決算期 種別 売上高 営業利益 経常利益 純利益

2024/10 単独中間実績 12,450 1,719 1,617 964

2024/10 単独会社予想 27,556 4,091 3,623 2,253

2023/10 単独実績 16,144 1,957 1,924 1,802

2022/10 単独実績 6,216 122 114 256


決算期 種別 EPS BPS 配当

2024/10 単独会社予想 23.69 88.82 0.00


上場時発行済株数 95,139,000株

公開株数 37,082,200株【売り出し32,245,400株、オーバーアロットメント4,836,800株(売出に係る国内・海外の募集株式数の内訳(国内売出:9,996,100株/海外売出:22,249,300株)】

調達資金使途 -


PER:60.3

PBR:

配当利回り:

公募時吸い上げ資金:530億

公募時時価:1360億

​   

【株主構成】 

小川嶺 代表取締役 24,030,000 21.96% 売出779,400 360日

(株)Recolle 代表取締役の資産管理会社 9,045,000 8.27% 360日

KeyrockCapitalMasterFund,Ltd 投資業(ファンド) 7,950,000 7.27% 180日

(株)MIXI 投資業(ファンド) 6,117,000 5.59% 6年(下記参照) 

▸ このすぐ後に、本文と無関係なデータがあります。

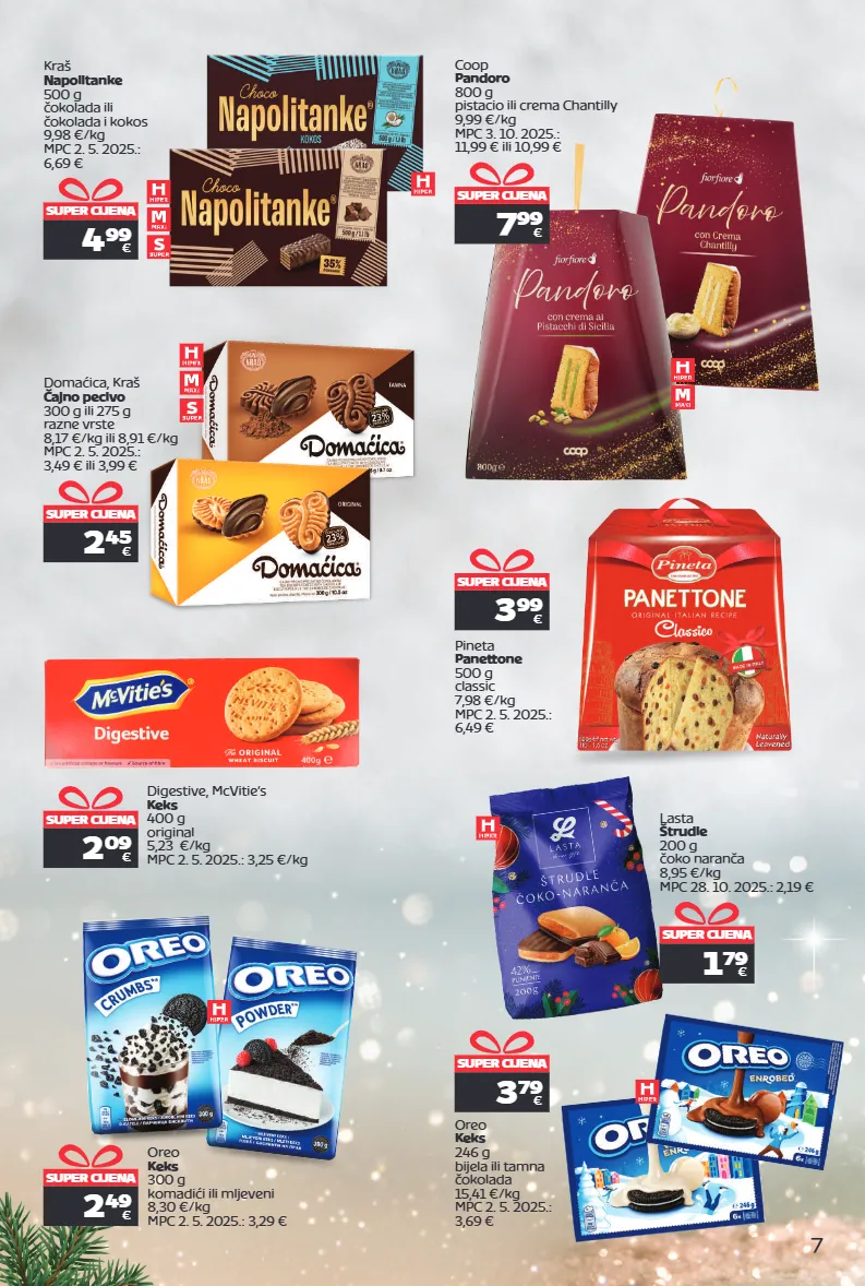 7 super cijena 2 09 € digestive, mcvitie’s keks 400 g original 5,23 €/kg mpc 2. 5. 2025.: 3,25 €/kg kraš napolitanke 500 g čokolada ili čokolada i kokos 9,98 €/kg mpc 2. 5. 2025.: 6,69 € 4 99 € super cijena domaćica, kraš čajno pecivo 300 g ili 275 g razne vrste 8,17 €/kg ili 8,91 €/kg mpc 2. 5. 2025.: 3,49 € ili 3,99 € 2 45 € super cijena oreo keks 300 g komadići ili mljeveni 8,30 €/kg mpc 2. 5. 2025.: 3,29 € 2 49 € super cijena oreo keks 246 g bijela ili tamna čokolada 15,41 €/kg mpc 2. 5. 2025.: 3,69 € 3 79 € super cijena lasta štrudle 200 g čoko naranča 8,95 €/kg mpc 28. 10. 2025.: 2,19 € 1 79 € super cijena pineta panettone 500 g classic 7,98 €/kg mpc 2. 5. 2025.: 6,49 € 3 99 € super cijena coop pandoro 800 g pistacio ili crema chantilly 9,99 €/kg mpc 3. 10. 2025.: 11,99 € ili 10,99 € 7 99 € super cijena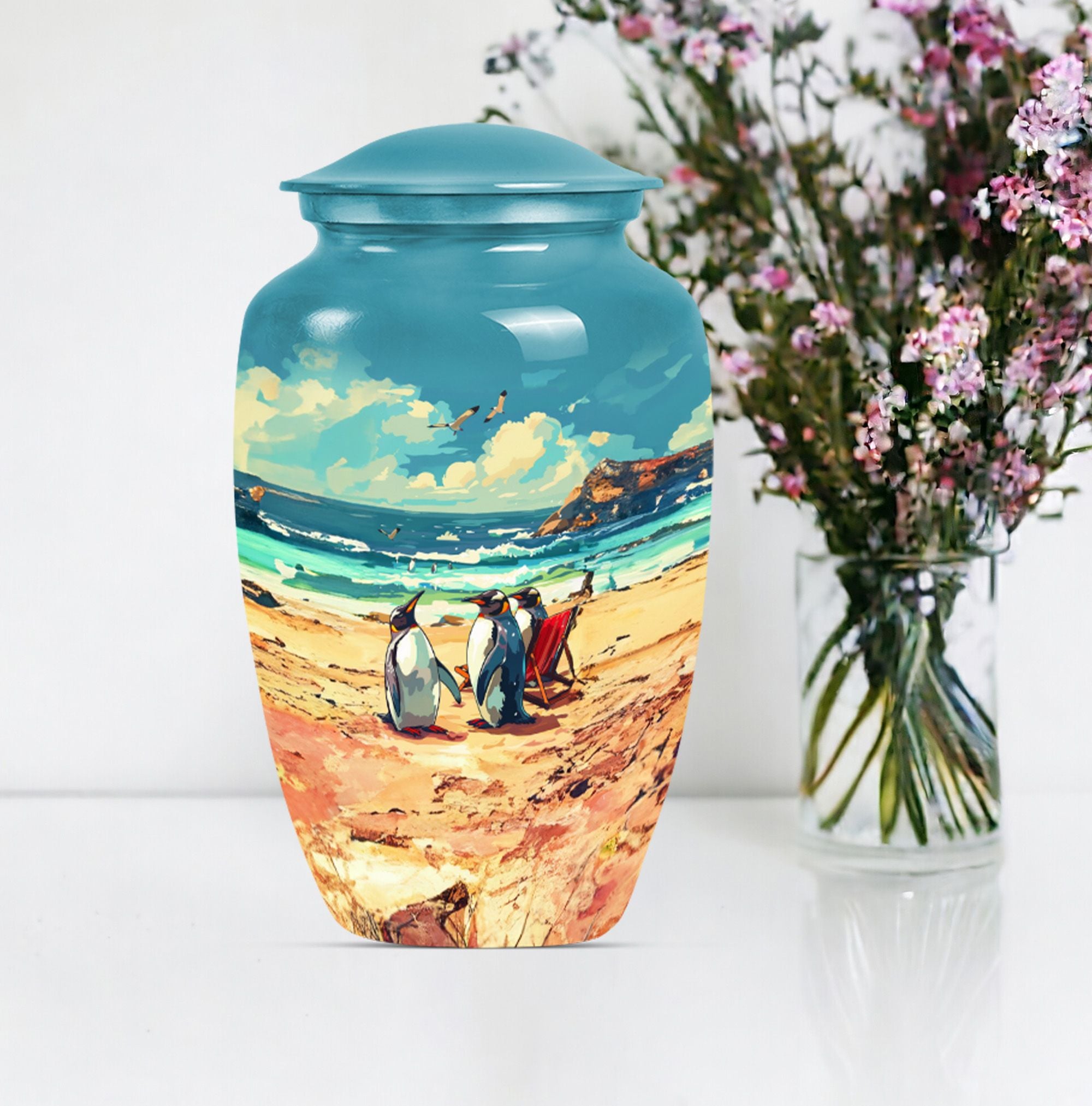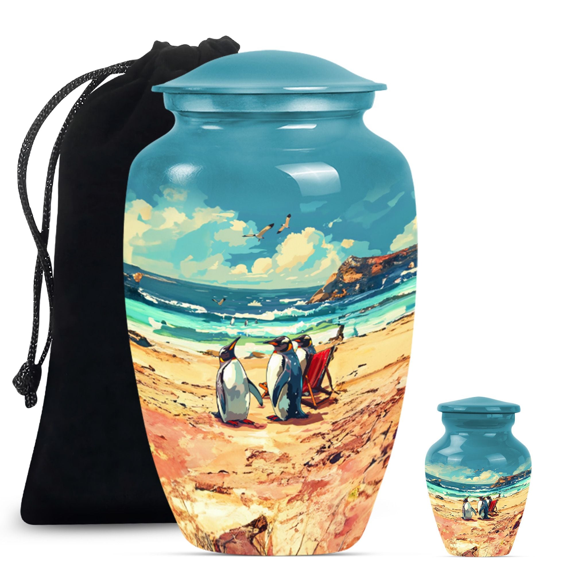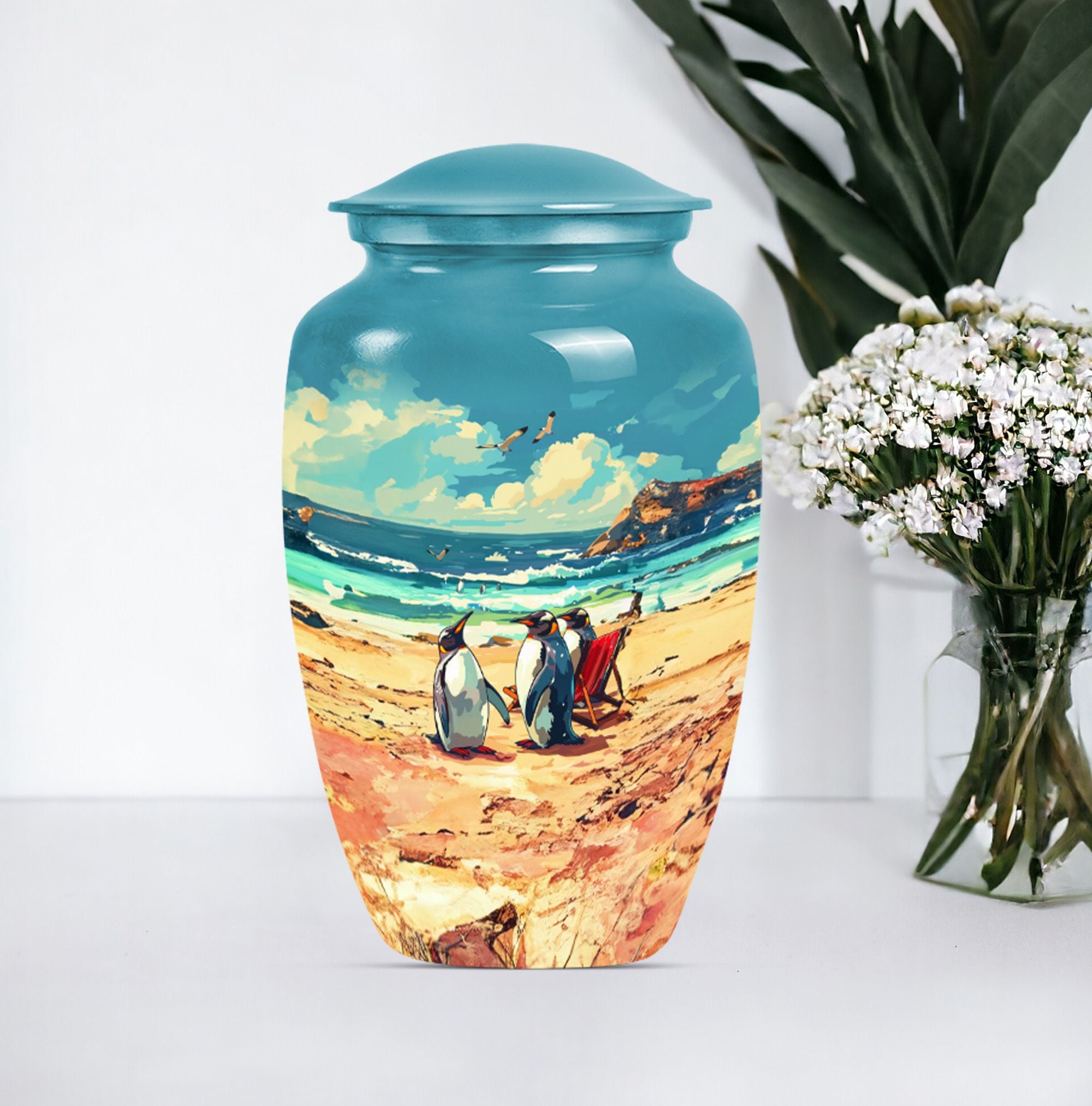 Experience divine serenity with this meticulously crafted Penguin Urn, a cremation dad urn designed with precision and elegance. This 10-inch classic urn, made from premium aluminium, exhibits a resplendent butterfly theme that evokes tranquility and peace. Weighing 3.3 pounds, it's ideally suited to hold up to 200 cubic inches of ashes safely. This large urn comes along with a soft velvet pouch to keep the cherished remnants of your loved ones secure. Enjoy personalizing this cremation urn, making it more meaningful by engraving names on it. When searching for Affordable urns or burial urns for adult men's ashes, our Penguin Urn serves as the ultimate choice. It's not merely a cremation urn; it's a testament to a life well-lived and deeply missed. With its iridescent metal finish, this urn radiates warmth and remembrance. Comforting, durable, and elegant – your perfect memorial ceremony companion.

ジャフコSV6投組 投資業(ファンド) 4,704,000 4.30% 売出2,000,000

月山特定目的会社 投資業(ファンド) 3,999,000 3.66% 売出2,200,000

エン・ジャパン(株) 投資業(ファンド) 3,867,000 3.53% 売出2,200,000

(株)サイバーエージェント 投資業(ファンド) 3,840,000 3.51% 180日

JEC2 Limited 特別利害関係者など 3,615,000 3.30% 180日

Woodline Master Fund LP 投資業(ファンド) 3,180,000 2.91% 180日

 グローバル・オファリングに関連して、売出人かつ貸株人である株式会社サイバーエージェント、売出人であるCA Startups Internet Fund 2号 投資事業有限責任組合、コロプラネクスト3号ファンド投資事業組合及び他1社、当社株主であるKeyrock Capital Master Fund,Ltd、JEC2 Limited、Woodline Master Fund LP、Kadensa Master Fund、Seiga Japan Fund、タイミー従業員持株会、渡辺雅之、Seiga Japan Long Opportunities Fund、八木智昭及び他1名並びに上記に含まれない当社の新株予約権者である108名は、ジョイント・グローバル・コーディネーターに対し、元引受契約締結日から上場日(当日を含む。)後180日目の日までの期間(以下、「ロックアップ期間(A)」という。)、ジョイント・グローバル・コーディネーターの事前の書面による同意なしには、当社普通株式(ただし、JEC2 Limited、Woodline Master Fund LP、Kadensa Master Fund、Seiga Japan Fund及びSeiga Japan Long Opportunities Fundについては、当該株主が元引受契約締結日時点で保有する当社普通株式に限る。)の売却等(ただし、本件売出し、オーバーアロットメントによる売出しのために大和証券株式会社に当社普通株式の貸付けを行うこと及びグリーンシューオプションが行使されたことに基づいて当社普通株式を売却すること等を除く。)を行わない旨を合意しております。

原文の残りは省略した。